Home

Raad van State, 11-06-2014, ECLI:NL:RVS:2014:2083, 201307193/1/A2

Raad van State, 11-06-2014, ECLI:NL:RVS:2014:2083, 201307193/1/A2

Gegevens

Instantie
Raad van State
Datum uitspraak
11 juni 2014
Datum publicatie
11 juni 2014
ECLI
ECLI:NL:RVS:2014:2083
Zaaknummer
201307193/1/A2

Inhoudsindicatie

Bij besluit van 5 oktober 2011 heeft de Belastingdienst een aanvraag van [appellant] om een kindgebonden budget voor het jaar 2011 afgewezen.

Uitspraak

201307193/1/A2.

Datum uitspraak: 11 juni 2014

AFDELING

BESTUURSRECHTSPRAAK

Uitspraak op het hoger beroep van:

[appellant], wonende te Wateringen, gemeente Westland,

appellant,

tegen de uitspraak van de rechtbank Midden-Nederland, zittingsplaats Utrecht, van 22 juli 2013 in zaak nr. 12/3506 in het geding tussen:

[appellant]

en

de Belastingdienst/Toeslagen (hierna: de Belastingdienst).

Procesverloop

Bij besluit van 5 oktober 2011 heeft de Belastingdienst een aanvraag van [appellant] om een kindgebonden budget voor het jaar 2011 afgewezen.
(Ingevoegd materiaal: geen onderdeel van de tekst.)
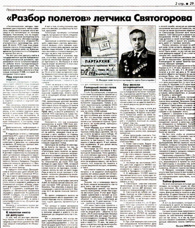 Во всей этой истории есть еще одна загадка, на которую трудно не обратить внимание. Во всех документах 1935 года, касающихся той давней трагедии, фамилия пилота пишется в двух вариантах. В одних бумагах он проходит как Святогоров, а в том же партийном постановлении значится Светогоровым.

Bij besluit van 27 september 2012 heeft de Belastingdienst het door [appellant] gemaakte bezwaar opnieuw ongegrond verklaard.

Bij uitspraak van 22 juli 2013 heeft de rechtbank het door [appellant] daartegen ingestelde beroep ongegrond verklaard. Deze uitspraak is aangehecht.

Tegen deze uitspraak hebben [appellant] en anderen hoger beroep ingesteld.

De Belastingdienst heeft een verweerschrift ingediend.

[appellant] heeft nadere stukken ingediend.

De Afdeling heeft de zaak ter zitting behandeld op 27 februari 2014, waar [appellant], vertegenwoordigd door mr. J. Klaas, advocaat te Haarlem, en de Belastingdienst, vertegenwoordigd door mr. J.H.E. van der Meer, werkzaam bij de Belastingdienst, zijn verschenen.

Overwegingen

1. Ingevolge artikel 8, eerste lid, van het Verdrag tot bescherming van de rechten van de mens en fundamentele vrijheden (hierna: EVRM) heeft een ieder recht op respect voor zijn privé leven, zijn familie- en gezinsleven, zijn woning en zijn correspondentie.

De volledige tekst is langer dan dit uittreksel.